*THE DATA*.
===============
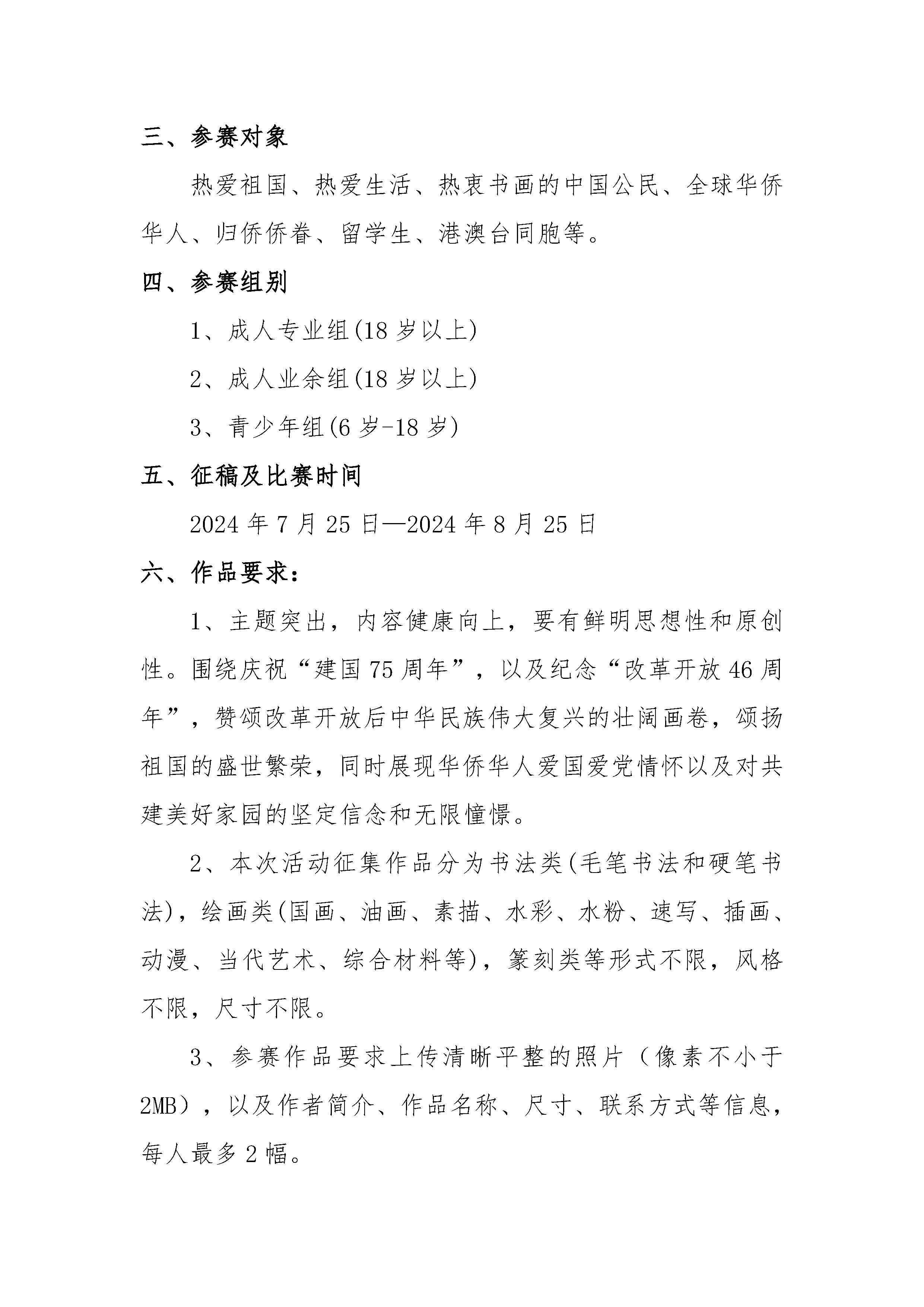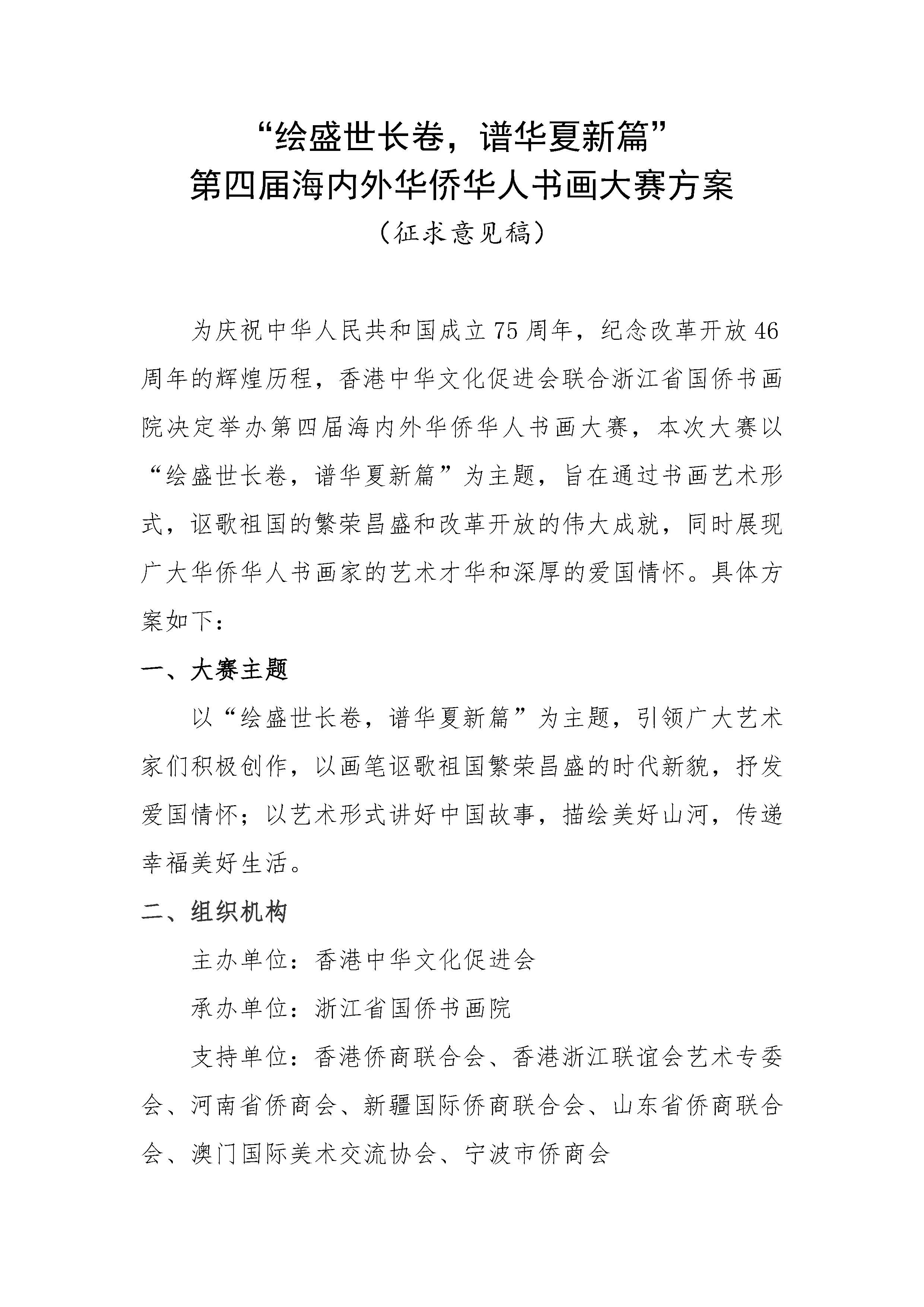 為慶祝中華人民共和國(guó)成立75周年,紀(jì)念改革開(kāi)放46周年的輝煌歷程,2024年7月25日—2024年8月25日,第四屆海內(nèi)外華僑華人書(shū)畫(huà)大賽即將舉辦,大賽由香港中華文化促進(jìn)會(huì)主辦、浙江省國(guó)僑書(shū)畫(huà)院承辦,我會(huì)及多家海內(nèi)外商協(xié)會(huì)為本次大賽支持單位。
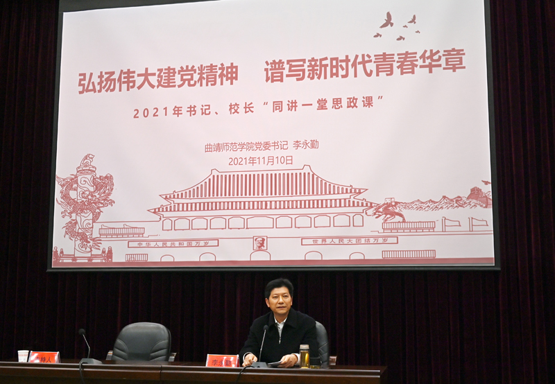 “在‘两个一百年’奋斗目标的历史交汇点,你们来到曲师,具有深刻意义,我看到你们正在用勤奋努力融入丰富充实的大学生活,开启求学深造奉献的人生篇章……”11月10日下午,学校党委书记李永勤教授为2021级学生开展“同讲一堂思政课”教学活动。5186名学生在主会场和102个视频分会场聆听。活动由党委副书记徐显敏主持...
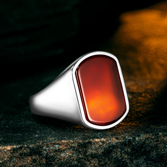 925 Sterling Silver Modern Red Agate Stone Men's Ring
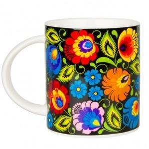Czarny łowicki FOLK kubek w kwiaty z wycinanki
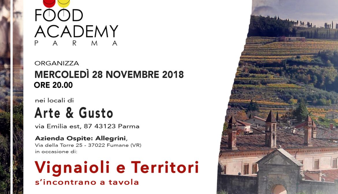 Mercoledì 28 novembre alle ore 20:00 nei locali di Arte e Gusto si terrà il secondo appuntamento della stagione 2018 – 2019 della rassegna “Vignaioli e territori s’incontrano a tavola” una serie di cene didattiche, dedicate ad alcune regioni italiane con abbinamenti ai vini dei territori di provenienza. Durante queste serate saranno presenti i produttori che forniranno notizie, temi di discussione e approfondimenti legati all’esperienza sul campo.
===============
Your copy should match every entry above exactly and contain no pictures.

 為慶祝中華人民共和國(guó)成立75周年,紀(jì)念改革開(kāi)放46周年的輝煌歷程,2024年7月25日—2024年8月25日,第四屆海內(nèi)外華僑華人書(shū)畫(huà)大賽即將舉辦,大賽由香港中華文化促進(jìn)會(huì)主辦、浙江省國(guó)僑書(shū)畫(huà)院承辦,我會(huì)及多家海內(nèi)外商協(xié)會(huì)為本次大賽支持單位。
 “在‘两个一百年’奋斗目标的历史交汇点,你们来到曲师,具有深刻意义,我看到你们正在用勤奋努力融入丰富充实的大学生活,开启求学深造奉献的人生篇章……”11月10日下午,学校党委书记李永勤教授为2021级学生开展“同讲一堂思政课”教学活动。5186名学生在主会场和102个视频分会场聆听。活动由党委副书记徐显敏主持...
 925 Sterling Silver Modern Red Agate Stone Men's Ring
Czarny łowicki FOLK kubek w kwiaty z wycinanki
 Mercoledì 28 novembre alle ore 20:00 nei locali di Arte e Gusto si terrà il secondo appuntamento della stagione 2018 – 2019 della rassegna “Vignaioli e territori s’incontrano a tavola” una serie di cene didattiche, dedicate ad alcune regioni italiane con abbinamenti ai vini dei territori di provenienza. Durante queste serate saranno presenti i produttori che forniranno notizie, temi di discussione e approfondimenti legati all’esperienza sul campo.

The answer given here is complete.